皆様こんにちは。
暑い日が続いていますね。私はようやく2回目の新型コロナウィルスワクチン接種が終了し一息ついた心持でおります。
しかし、油断は禁物ですね。マスク手洗いはまだまだ続いていきます。
さて、今回は新たに立ち上げた「エンゼルクラス」について少し補足して書いていきたいと思います。
これは私がまだ看護学生だった頃のお話です。かれこれ30年以上前になりますか。
母性看護学実習で、母性看護学実習とはお産の方々や新生児のケアを主に行う実習です。ある産後のお母様に出会いました。
その方は、分娩直後にお子様を亡くされた方でした。まだグリーフケアという言葉さえ知らない時代でした。誰もが皆同じように、亡くなったお子様の話には触れませんでした。まるでその子は、初めから存在していなかったかのように、誰一人子どもの話はしませんでした。「子ども」という文言までもそのお母様の前ではタブーでした。そのお母様は、ご家族の希望で、自分の亡くなった子どもの葬儀に参列させてもらえない状況でした。産後の肥立ちが悪くなるという理由で、或いは亡くなった子どもを思い出させるからという理由で葬儀に参列することができませんでした。
その当時は、このような方が自分の子どもの葬儀に参列できないことなど決して珍しいことではありませんでした。

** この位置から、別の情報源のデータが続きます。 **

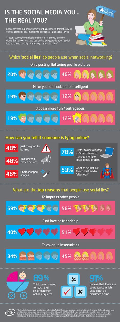 Vanity is the Name of Social Media? Is the social media YOU the real YOU? Social networking infographic on online behavior with digital media. Via intel

ある時その方は、学生の私に葬儀の時に着せてあげたいと言って、手作りの着物を見せてくれました。「本当はお葬式に行ってあげたいんだけど、周りの人たちがダメだって言うから。見ない方がいいって。だから亡くなった自分の子どもの顔も見ていないの。悲しいな。なんでだろう。仕方ないんだってそう自分に言い聞かせてるんだけど。旦那さんにも親にもそんな話はできないよね。自分が悪いんだから。」そう言って泣いておられたのを思い出します。
今思えば、何の関係もない学生にだから、そんな話ができたのでしょうね。
今でもそんな考えを持つ方がおられます。見ない方がいいといって、亡くなった子どもの顔を知ることも出来ない方がいます。
悲しみに蓋をすることが、悲しみを早く忘れることが出来ると考える人がいます。生まれたばかりの子どもだから、あるいは生まれる前の子どもだったから、直ぐに忘れた方がいい、直ぐに忘れられるという人がいます。
しかし、母親のお腹の中に生命が誕生した日から、母と子の絆は臍帯という血管で繋がれます。少しずつ大きくなっていく我が子を慈しみながら、母性が芽生えます。そうして少しずつ母子の絆は深まっていくのです。しかしその途中で子どもを亡くされた方は、お腹の中にもういない我が子への喪失悲嘆に襲われることになります。
大切な我が子を亡くした悲しみは、流産であっても、死産であっても変わることはありませんね。
やはり、同じ思いの方々と悲しみを共有し、心を軽くしていく必要があります。
特に流産や死産を経験された方は、自分を責める傾向が強くなると私は考えています。ご自分を責め続けるのではなく、生まれてこれなかった、或いは育つことができなかった赤ちゃんの話をすることで、自分自身をその苦しみから解放していく必要があります。
誰かにその悲しみを話すこと、誰かとその悲しみを共有するということは、そんな力があるのです。